*GIVEN ENTRIES*.
[Start of section]

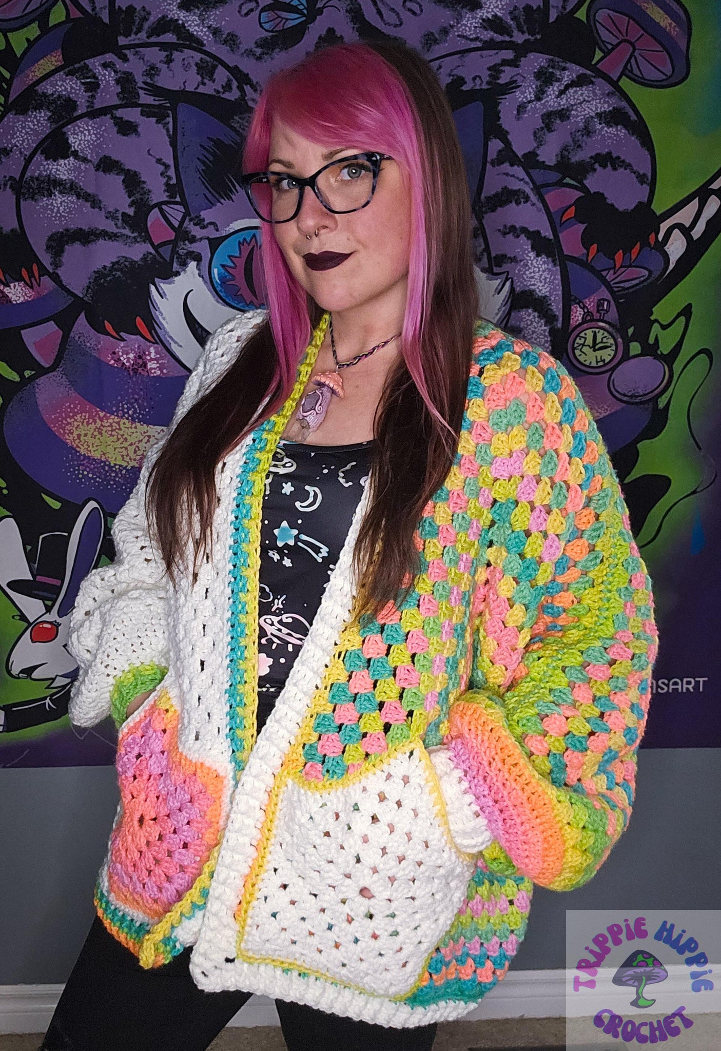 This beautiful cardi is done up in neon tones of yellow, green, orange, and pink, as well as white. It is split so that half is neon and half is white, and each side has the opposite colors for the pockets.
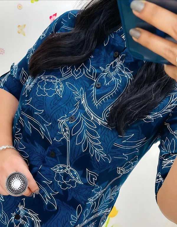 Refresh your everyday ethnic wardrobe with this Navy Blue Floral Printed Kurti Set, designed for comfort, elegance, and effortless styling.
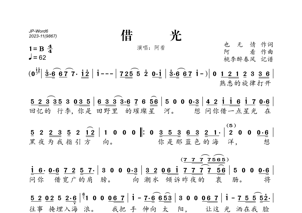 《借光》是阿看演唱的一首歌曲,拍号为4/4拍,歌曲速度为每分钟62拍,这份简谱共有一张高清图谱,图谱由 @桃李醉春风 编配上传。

[End of section]
[Start of section]

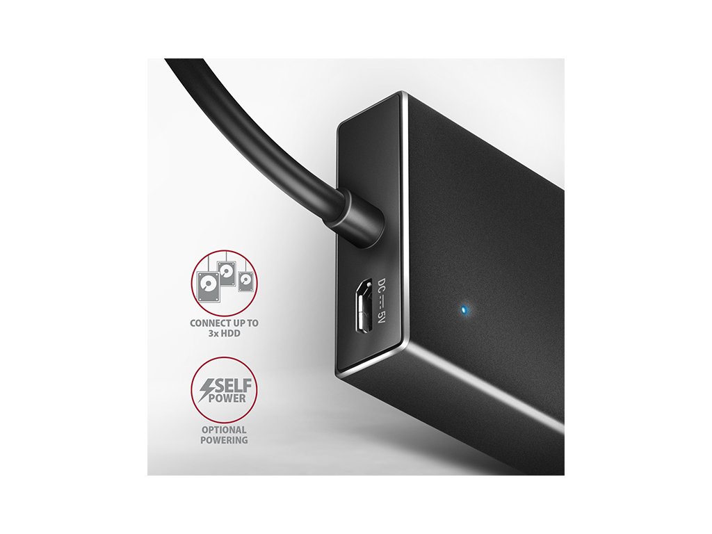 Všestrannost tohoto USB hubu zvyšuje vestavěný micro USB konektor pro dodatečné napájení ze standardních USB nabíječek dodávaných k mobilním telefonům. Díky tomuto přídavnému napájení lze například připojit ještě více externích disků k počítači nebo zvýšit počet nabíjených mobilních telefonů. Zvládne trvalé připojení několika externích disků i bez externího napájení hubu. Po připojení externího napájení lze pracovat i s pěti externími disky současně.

[End of section]
[Start of section]

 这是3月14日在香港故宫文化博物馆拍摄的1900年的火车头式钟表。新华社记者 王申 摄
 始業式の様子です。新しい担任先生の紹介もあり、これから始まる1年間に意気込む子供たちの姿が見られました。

[End of section]

*EXERCISE DESCRIPTION*.
Among the records above, only the lines between the line holding "这是3月14日在香港故宫文化博物馆拍摄的1900年的火车头式钟表。新华社记者 王申 摄" and the line holding "始業式の様子です。新しい担任", inclusive, are to be output, exactly as written.

*SOLUTION FOR THIS PROBLEM*.
 这是3月14日在香港故宫文化博物馆拍摄的1900年的火车头式钟表。新华社记者 王申 摄
 始業式の様子です。新しい担任先生の紹介もあり、これから始まる1年間に意気込む子供たちの姿が見られました。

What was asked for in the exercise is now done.